Fig. 3: TockyKmeansRF: Combinatorial analysis using clustering and random forest.
From: Machine learning-assisted decoding of temporal transcriptional dynamics via fluorescent timer

a Schematic overview of the TockyKmeansRF framework combining k-means clustering and Random Forest (RF) classification to model Timer fluorescence in flow cytometry data. b Training and test datasets generated from lymph node samples of WT and CNS2 KO Foxp3-Tocky mice. c Area Under the Curve (AUC) analysis of model performance across varying numbers of clusters (top) and RF trees (bottom). d Visualisation of CNS2-dependent feature clusters in the test dataset. Timer Angle–Intensity and original Timer fluorescence spaces are shown. Top: feature importance by Mean Decrease Gini (MDG); bottom: feature cells defined as top 60th percentile by MDG. e Density-based clustering of feature cells. f Violin plots showing kernel density estimates of the percentage of cells in each cluster per sample (n = 22 KO, 27 WT). Each point represents a biological replicate. The box indicates the interquartile range (IQR; 25th–75th percentile), the centre line denotes the median, and whiskers extend to the most extreme values within 1.5× IQR; outliers beyond this are plotted.
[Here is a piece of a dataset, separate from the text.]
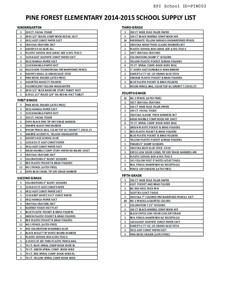 EPI School IDPIN002PINE FOREST ELEMENTARY 20142015 SCHOOL SUPPLY LIST KINDERGARTEN 1 2 2 4 2 1 1 2 1 12 6 3 1 1 2 1100 CT. FACIAL TISSUE 8×10 1/2 RULED COMP BOOK RED BL 36CT 9×12 ASST COAST PAPER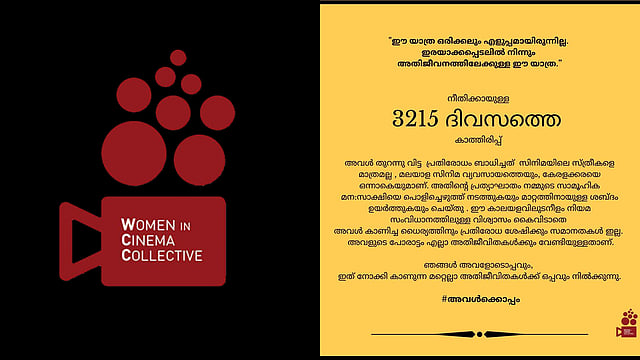 "നീതിക്കായുള്ള 3215 ദിവസത്തെ കാത്തിരിപ്പ്, #അവൾക്കൊപ്പം"; പോസ്റ്റ് പങ്കുവച്ച് ഡബ്ല്യൂ.സി.സി

Samples lacking cells in Cluster 3 (KO) were excluded from that cluster’s plot. g Violin plots showing mean fluorescence intensity (MFI) of CD25, CD44, PD-1, and CD69 for two identified clusters and remaining Timer+ cells (“others”) in WT samples (n = 27). Statistical analysis used the Kruskal-Wallis test followed by Dunn’s test with Bonferroni correction. Timer-negative cells were included only as a baseline reference and excluded from statistical testing. The box shows the IQR, the centre line indicates the median, and whiskers extend to the most extreme values within 1.5× IQR. Exact p-values are provided in Supplementary Data 1. h Computational performance of TockyKmeansRF, showing runtime and memory usage with progressively increased CNS2 KO training data.